Carlos Baker

From Wikipedia, the free encyclopedia

This is an old revision of this page, as edited by Aristophanes68 (talk | contribs) at 00:30, 20 June 2011 (added Category:American literary critics using HotCat). The present address (URL) is a permanent link to this revision, which may differ significantly from the current revision.

Carlos Baker (May 5, 1909, Biddeford, Maine – April 18, 1987, Princeton, New Jersey) was an American writer, biographer and former Woodrow Wilson Professor of Literature at Princeton University. He earned his B.A., M.A. and Ph.D at Dartmouth, Harvard, and Princeton respectively. Baker's published works included several novels and books of poetry and various literary criticisms and essays. In 1969 he published the well-regarded scholarly biography of Ernest Hemingway, Ernest Hemingway: A Life Story. His other major works included a biography of Percy Bysshe Shelley.

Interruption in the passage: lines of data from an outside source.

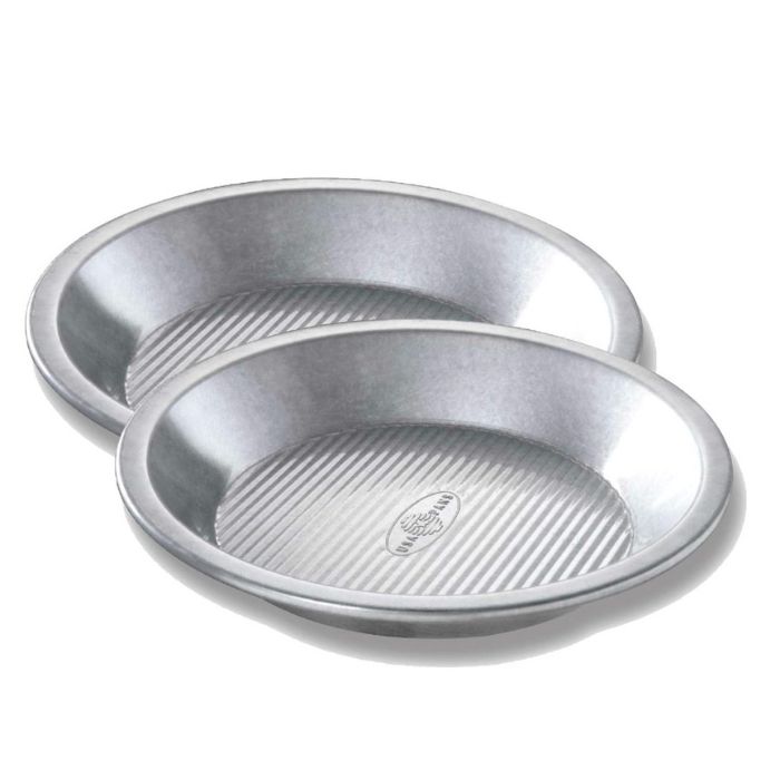 - Each 9-inch pie pan is made of commercial grade and heavy gauge aluminized steel; Set of 2 pans.
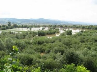 Aztán megérkezünk a teraszra. A kilátás a Feketeügy lapályára remek. Bebokrosodott egykori legelők és kaszálók úsznak az árban. Látványként tetszetős az egész, de az értéktelen fás növényzet is a pusztulást, egy kistérség degenerálódását jelzi.
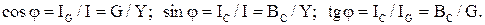 Зв'язок між діючими величинами напруги і струму та коефіцієнтом потужності виражається співвідношеннями:
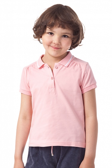 Поло из полотна пике со сборкой на плечах. По краю воротника - полоса контрастного цвета. Верхняя пуговица пришита нитками контрастного цвета.
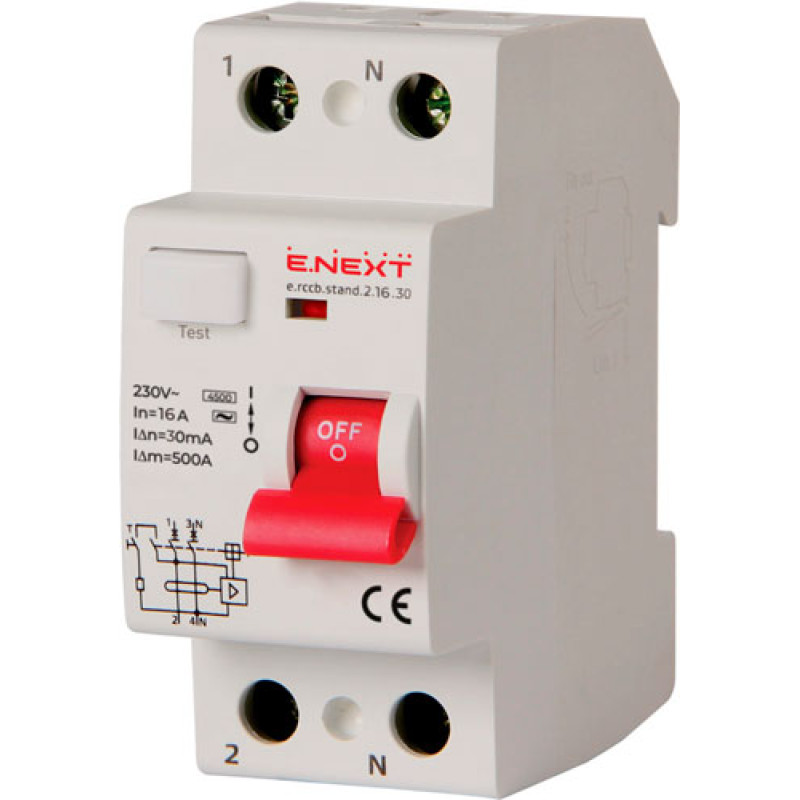 Автомат диференціального струму УЗО E.Next e.rccb.stand.2.16.30 2р, 16А, 30mA
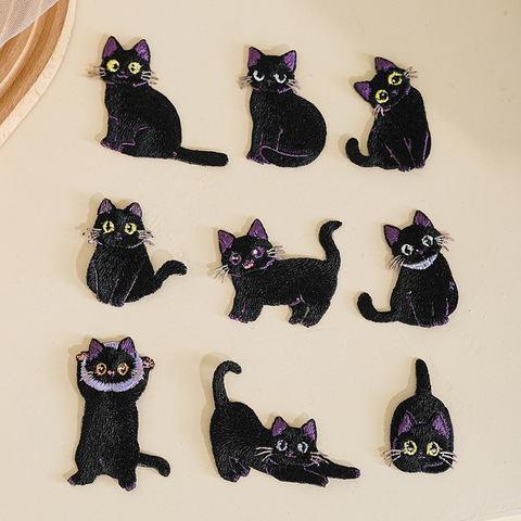 Modern Cartoon Purple Cat Embroidered Patch Three-Dimensional PVC Fabric for Garment Stain Repair DIY Iron-On Patch
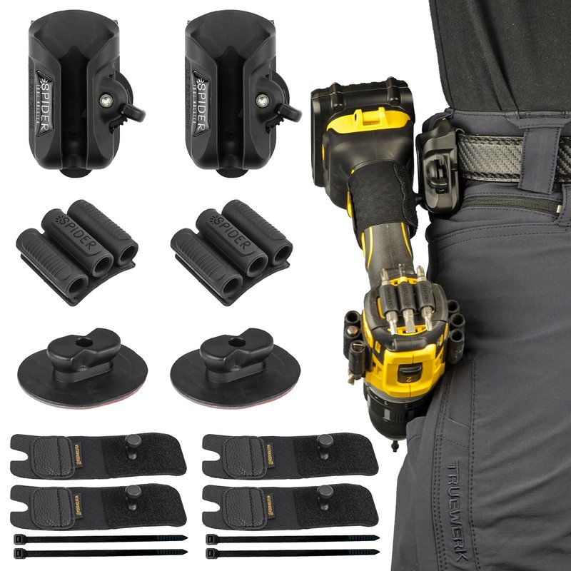 Spider Tool Holster - Quad Tool Kit - Adhesive Tool Tabs + BitGrippers + Self locking, quick draw Belt Holster Clip for carrying a power drill, driver, hammer, tape measure, pneumatic, light and more!

Baker taught biographer A. Scott Berg while Berg was an undergraduate at Princeton in the late 1960s. Berg recalled that Baker "changed my life," and convinced him to quit acting to concentrate on his thesis, a study of editor Maxwell Perkins.[1] Berg eventually expanded his thesis into the National Book Award-winning biography Max Perkins: Editor of Genius (1978), which he dedicated in part to Baker.[2]

References

  1. ^ Merritt, J. I. "Biographer A. Scott Berg '71 confronts the remarkable -- and still controversial -- flier, 'a great lens for observing the American century'", PAW, 1998-11-18. Retrieved on 2007-10-30.
  2. ^ Berg (1978.) Max Perkins: Editor of Genius, p. 455.